Читаем без скачивания Площадь - Чхе Ин Хун
Шрифт:
Интервал:
Закладка:
— Господин Пен? Он не дает за тебя поручительства. Дело уж больно серьезное…
От этих слов у Менджюна перехватило дыхание. Он судорожно вздохнул — ему не хватало воздуха. Быстрая реакция полицейского на мимоходом прозвучавшее имя показала, что он чутко следит за ходом мысли допрашиваемого, не упуская ни одного его слова. По ту сторону стола сидел матерый волк. Менджюн не знал, правда это была или ложь — насчет Пен Сондже — и поэтому просто продолжал свою речь, делая вид, что спешит оправдаться:
— Мы живем одной семьей, но не можем, конечно, следить друг за другом все время. У каждого своя жизнь. Я по большей части нахожусь в университете. Среди однокашников. Вы могли бы обратиться в учебную часть университета. Там обо мне могут дать исчерпывающие сведения. Я ни в чем не замешан. За что же привлекать меня к уголовной ответственности? Это безосновательно.
— Выражения у тебя какие-то профессиональные, отработанные: «следить друг за другом», «исчерпывающие сведения»… Будто специально готовился к допросу. А скажи-ка, кто твой самый близкий друг?

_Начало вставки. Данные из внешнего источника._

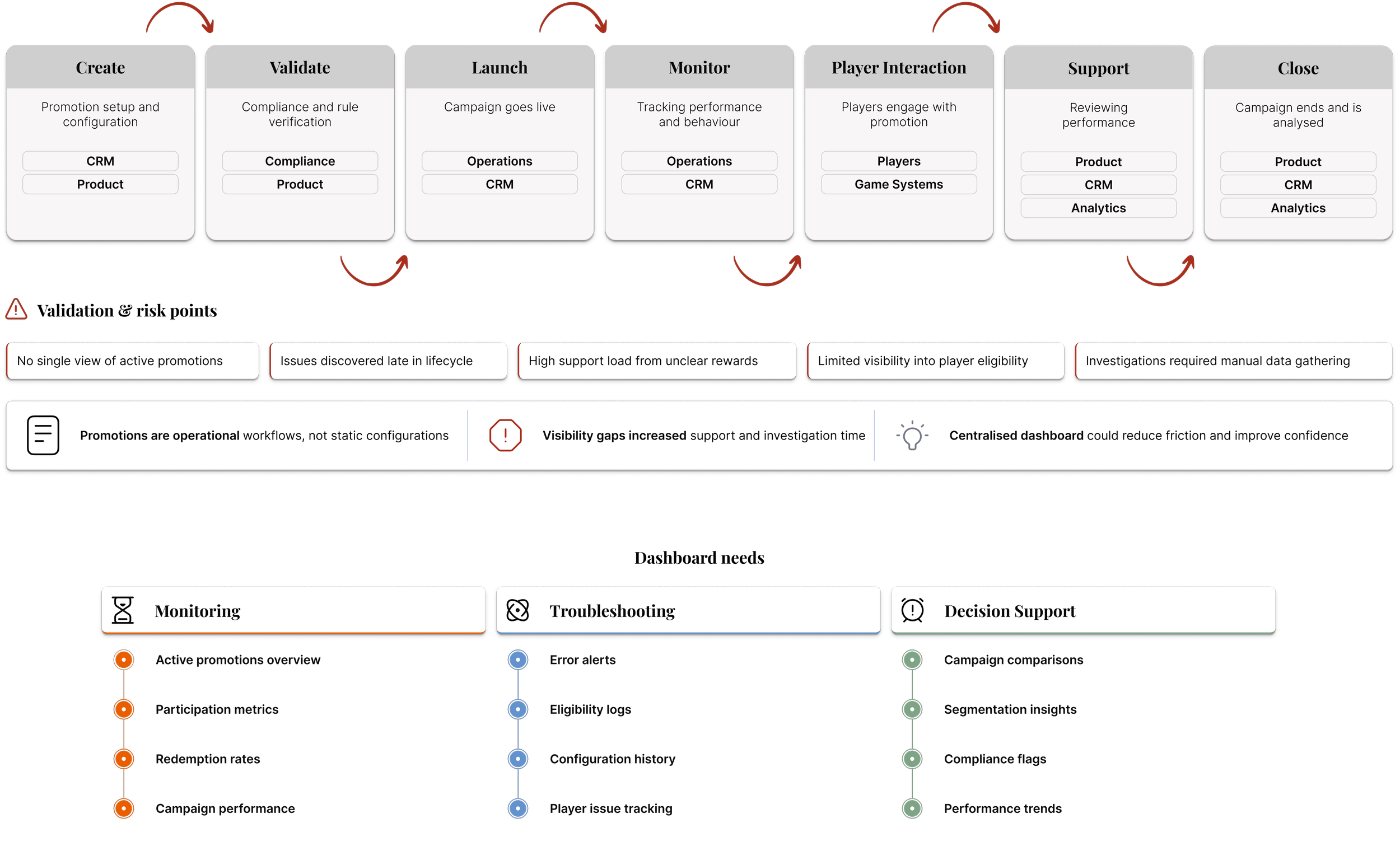 What it does: based on user interviews and workshops, the end-to-end lifecycle of a promotion was mapped from initial setup through validation, launch, monitoring, and closure.

Менджюн немного помолчал и ответил, что не может назвать никого. Нет у него близкого друга.
— Так уж и никого. Назови хоть одно имя.
— Такого, кого можно назвать близким другом, нет. Пожалуй, только Пен Тхэсик.
— Кто это, Пен Тхэсик?
— Сын господина Пен Сондже.
— Нет, вы только посмотрите, как он виляет!

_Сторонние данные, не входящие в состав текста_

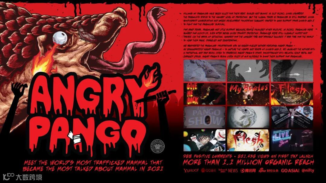 The fantastical and raw music video features an exaggeratedly pangolin called Angry Pango - an exaggeratedly angry pangolin – that dramatised the story about pangolins and their near-extinction. Soundtracked with melodic death metal and enraged lyrics, the music video was released in April and has been distributed on YouTube, Weibo, Haokan and other platforms, generated 821,438 views on first day of launch.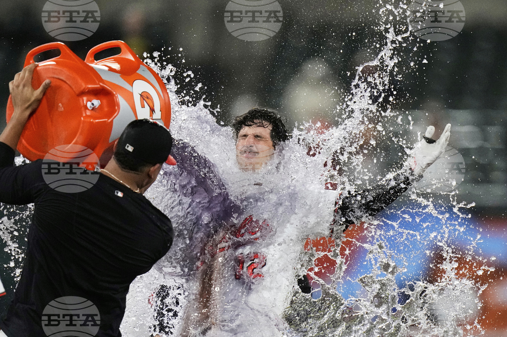 Baltimore Orioles' Dylan Beavers (12) is doused after hitting a walk-off single during the 10th inning of a baseball game against the Pittsburgh Pirates, Wednesday, Sept. 10, 2025, in Baltimore. (AP Photo/Stephanie Scarbrough)

В разговор вмешался второй полицейский:
— Хочешь впутать господина Пен Сондже? Думаешь, это спасет тебя? Выкинь из головы свои уловки. Мы по опыту знаем, какие закоренелые красные скрываются в смиренных овечках вроде тебя.

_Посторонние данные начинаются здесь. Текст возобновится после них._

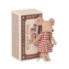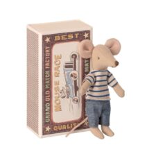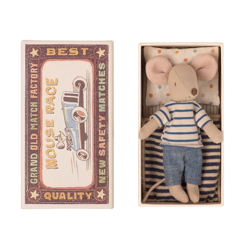 Musen storebror från Maileg älskar att sova i sin tändsticksask. Där kan han bädda ner sig ordentligt med både täcke och kudde.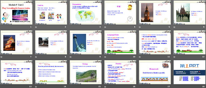 关键词:《They're waiting for buses or trains》教学课件,外研版七年级上册英语课件,七年级英语幻灯片课件下载,《They're waiting for buses or trains》PPT课件下载,.ppt格式

Что им надо? Менджюн почти физически чувствует, как какая-то рука схватила его за горло и жмет все сильнее. Постепенно накатывается животный страх.
После этого разговора он еще раз побывал в полицейском участке, но никакого решения о нем принято не было. Теперь каждый день Менджюна был полон тревоги и беспокойства. Его стал постоянно донимать внутренний голос: «Ли Менджюн! Ты слышишь? Пришло твое время. Начинается настоящая полнокровная жизнь. Возможно, теперь у тебя будет столько проблем, что только держись — ребра затрещат! Отныне дни твои будут густо окрашены черным страхом. Ведь ты сам хотел этого. Так не жалуйся, что тебе скучно». Где бы он ни находился — в темноте, посреди комнаты, на улице — везде и всюду преследует его этот иронический голос. Пытался заглушить его вином. Не удалось. Чем больше он пил, тем яснее и громче звучал голос. Это становилось невыносимым, и он, наконец, решил искать спасение там, где раньше не искал. Так неожиданно для себя он оказался в Инчхоне, в доме Юнай.
Юнай вышла из-за живой изгороди, образованной двумя рядами высоких канн. Она несла столик с ужином. Блюда были явно рассчитаны на него одного.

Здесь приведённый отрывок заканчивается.